It is known to provide an arrangement in which video or television images of a sporting event are embellished by displaying computer generated images within the video images so that for example, these are superimposed on a field of play. For example, advertisements or club emblems of teams which are playing each other in a football match, for example, can be superimposed on an image of the football pitch which is captured by a camera, so that it appears that the players are playing on top of the images of the emblems which are superimposed on the football pitch. In order to achieve an effect wherein a computer generated image is superimposed on an image of a particular sports field, it is known to calibrate an image produced by the camera with respect to a model representing that image.
The term model as used herein will be used to designate a simulated representation of an object, which has a planar surface, such as a field of play from which images of that field of play are to be captured using a camera.

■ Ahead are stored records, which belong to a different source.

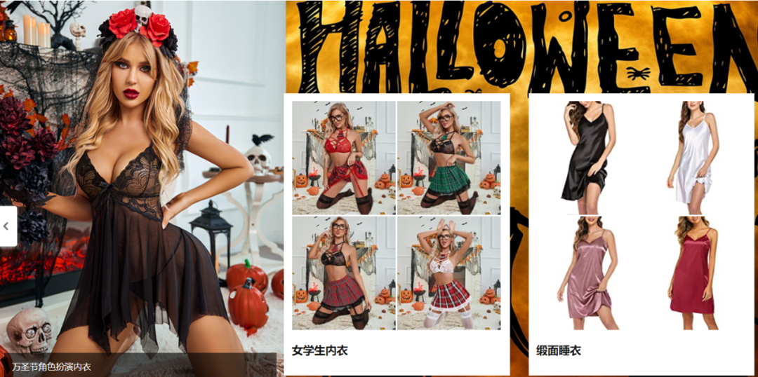 Avidlove 似乎很明白“万圣节+性感内衣”的需求点,在产品详情页中还推出了万圣节主打产品系列,显然把这块流量抓得死死的。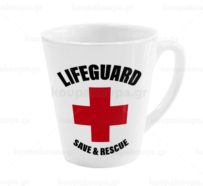 Lifeguard Save & Rescue, Κούπα κωνική Latte Λευκή, κεραμική, 300ml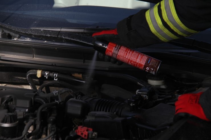 Konya'nın Beyşehir ilçesinde, park halindeki otomobile girdiği ileri sürülen yılan paniğe yol açtı.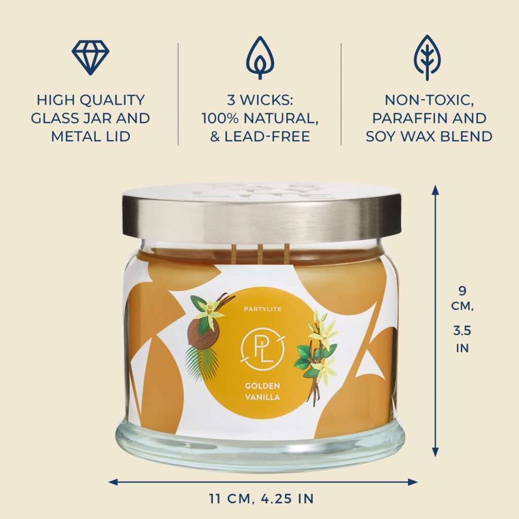 Golden Vanilla 3-Wick Jar Candle No Lid Included
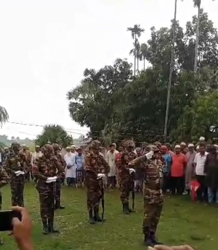 জাহিদ,মনিরামপুর (যশোর)প্রতিনিধিঃ-যশোর মনিরামপুর ঢাকুরিয়া ইউনিয়নের প্রতাপকাটি গ্রামের অবসর প্রাপ্ত সেনা সদস্য আব্দুল গফফার পিতা মৃতঃ আব্দুল গনি সরদার, ৬আগষ্ট ২০২৩তারিখে অসুস্হতা(ষ্ট্রোক) জনিত কারনে ঢাকা সম্মিলিত সামরিক হাসপাতালে আনুমানিক বিকাল ৩ঘটিকার সময় মৃত্যুবরন করেন।নিজ বাড়িতে মরদেহ আনুমানিক রাত ১২টারর সময় আনা হয়।মরদেহ বাড়িতে আসার পরে এলাকাতে শোকের ছায়া পড়ে যায়।মরহুমের জানাযা নিজ এলাকাতে অনুষ্ঠিত হয়।জানাযা শেষে পারিবারিক কবর স্হানে রাষ্ট্রীয় মর্যাদায় দাফন করা হয়। যশোর সেনানিবাস ৫৫ পদাতিক ডিভিশনের পক্ষ থেকে ৩৭ বীর এর চৌকস সেনাদল গার্ড অফ অনার প্রদান করেন এবং বিগোলের করুনসুর বাজিয়ে অন্তিম সজ্জায় শায়িত করেন এবং দাফন বাবদ নগদ দশ হাজার টাকা প্রদান করেন। পাশাপশি শোকাহত পরিবারের সদস্য দের সমবেদনা ও সহমর্মিতা প্রদান করেন। মরহুমের জানাযাতে মনিরামপুর উপজেলার অবসরপ্রাপ্ত সশস্ত্র বাহিনী কল্যান সংস্হার উপদেষ্টা মন্ডলীর সদস্য সহ বিপুল সংখ্যক অবসর প্রাপ্ত সেনা সদস্যরা অংশ গ্রহন করেন এবং শোকাহত পরিবার কে সমবেদনা জানান।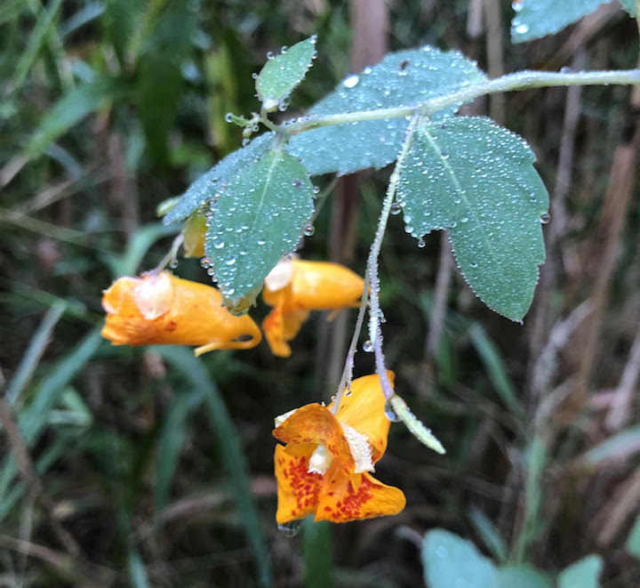 This morning I enjoyed a stroll along the Humber River. There was Spotted Jewelweed (Impatiens capensis) in bloom along many of the paths. I love these little flowers, delicate golden yellow blooms decorated with bits of fiery red.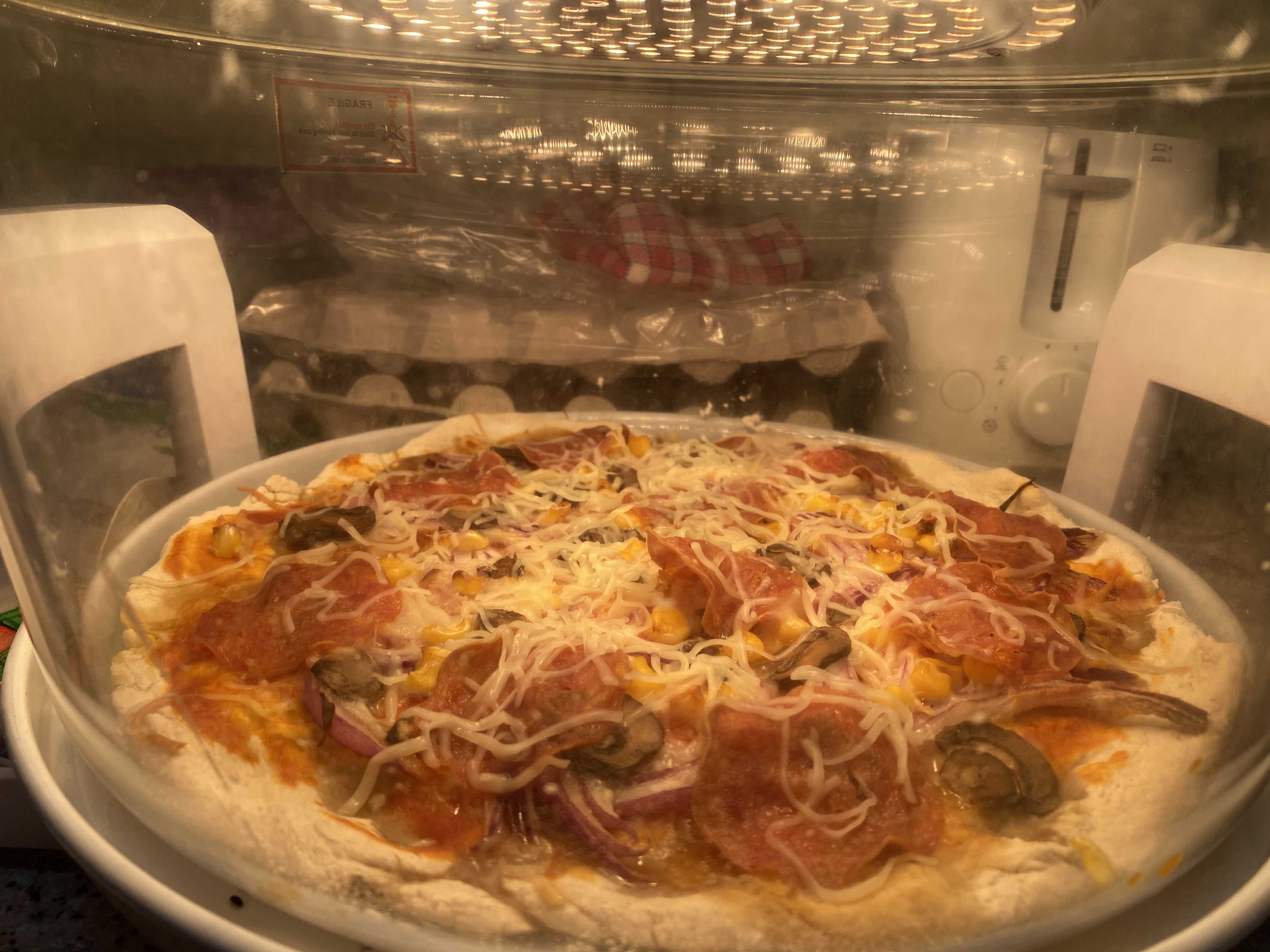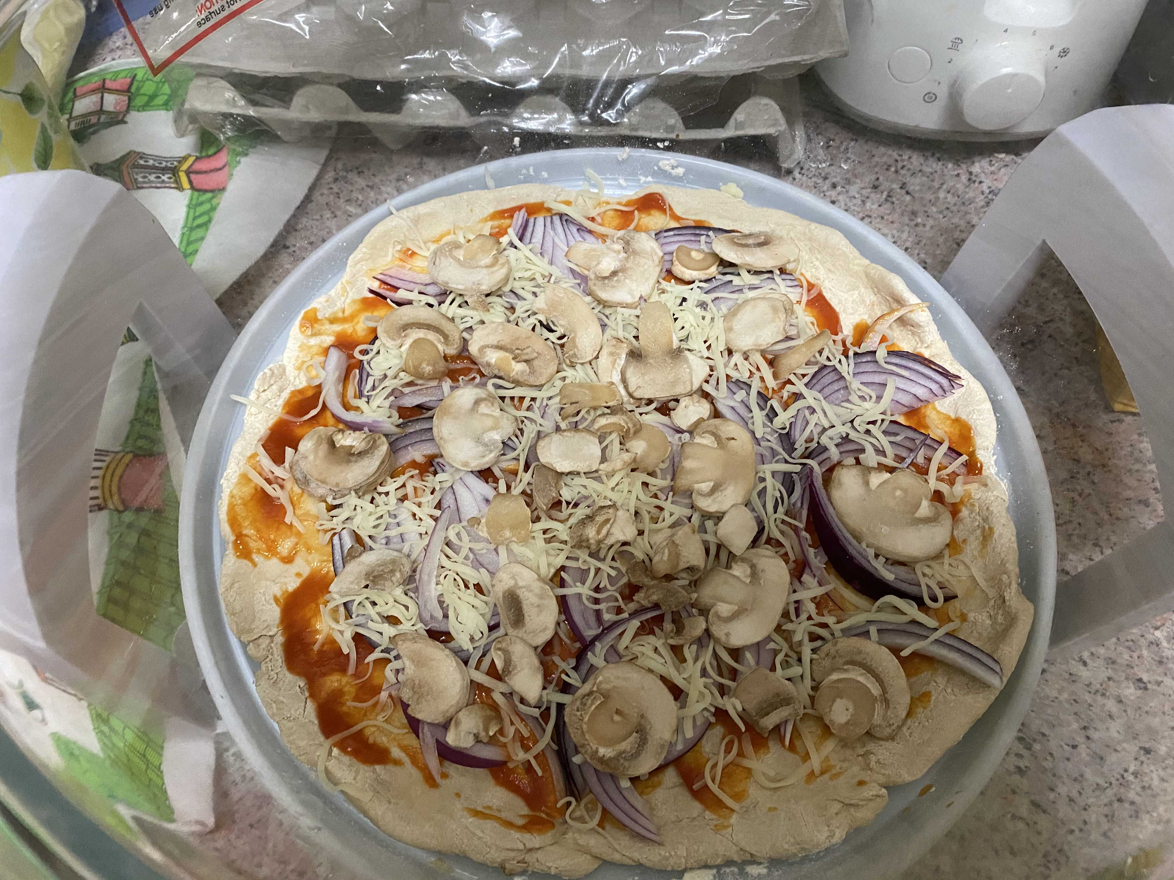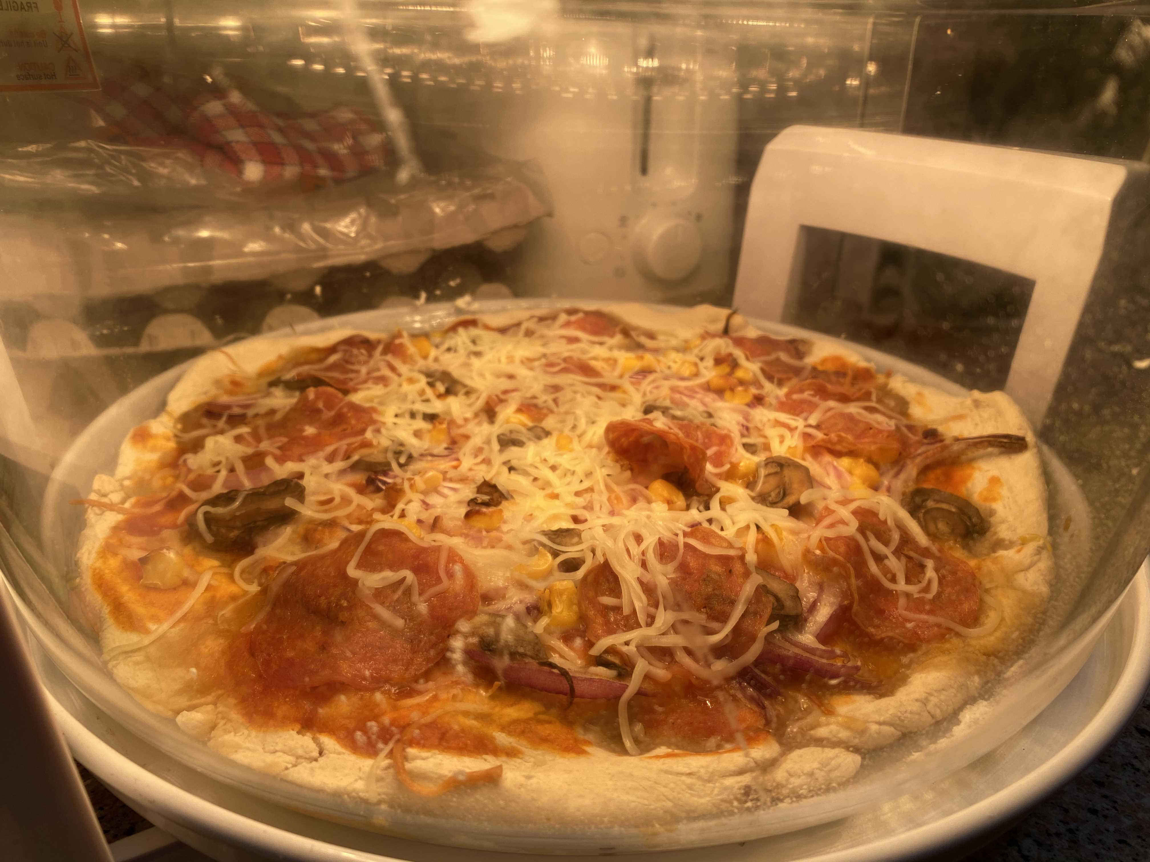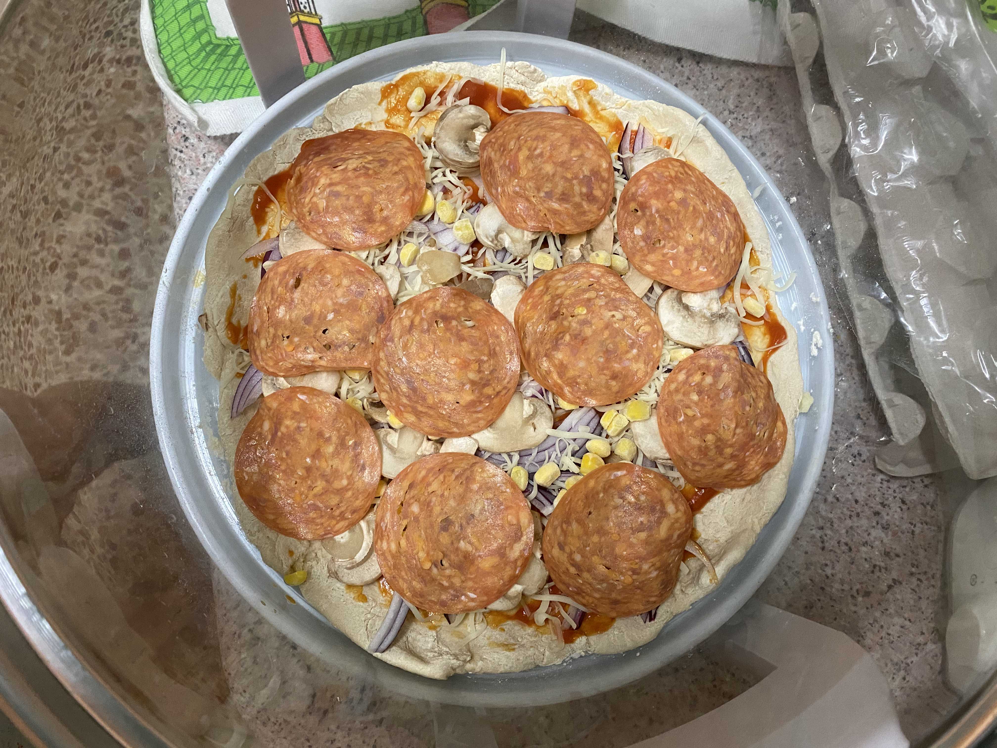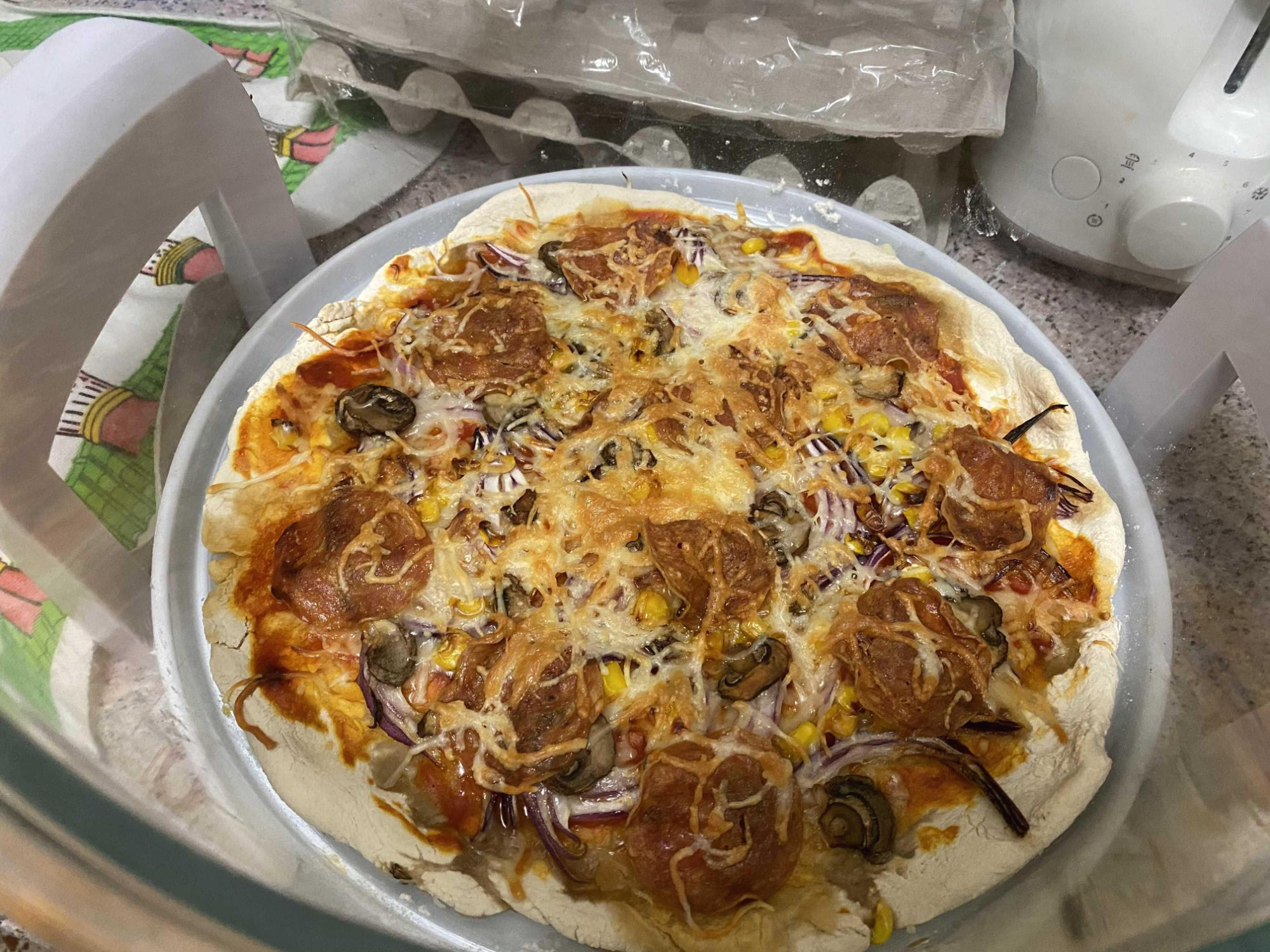 밑에 토마스 소스를 베이스로 깔아주고, 적양파 넣고, 치즈 넣고, 버섯도 올려줬다. 그 위에 옥수수랑 페퍼로니까지 얹었다. 그러고 일단 구워줬다.

As disclosed in an article entitled “Flexible Calibration by Viewing a Plane from Unknown Orientations” by Zhengyou Zhang published in 1999 in ICCV, volume1, page 666, there is disclosed a method of self-calibration in which, a camera is moved in a static scene, and a rigidity of the scene provides two constraints on the camera's internal parameters from one camera displacement by using image information alone. The self-calibration is in contrast to photo-grammetric calibration in which a calibration object whose geometry in 3-D space is known with very good precision. The article discloses an arrangement for translating points within a model and points within the image so that points within the model can be mapped to the image and vice versa. However, the disclosed technique requires that a pattern be attached to planar surface of the image, which is captured before an estimation of five intrinsic parameters can be generated in order to translate between the model and the image.
Improvements in or relating to a process in which features or effects within a model can be represented within an image in a plane of a field of view such as a sporting field of play represent a technical problem particularly, for example when the translation is performed in real time.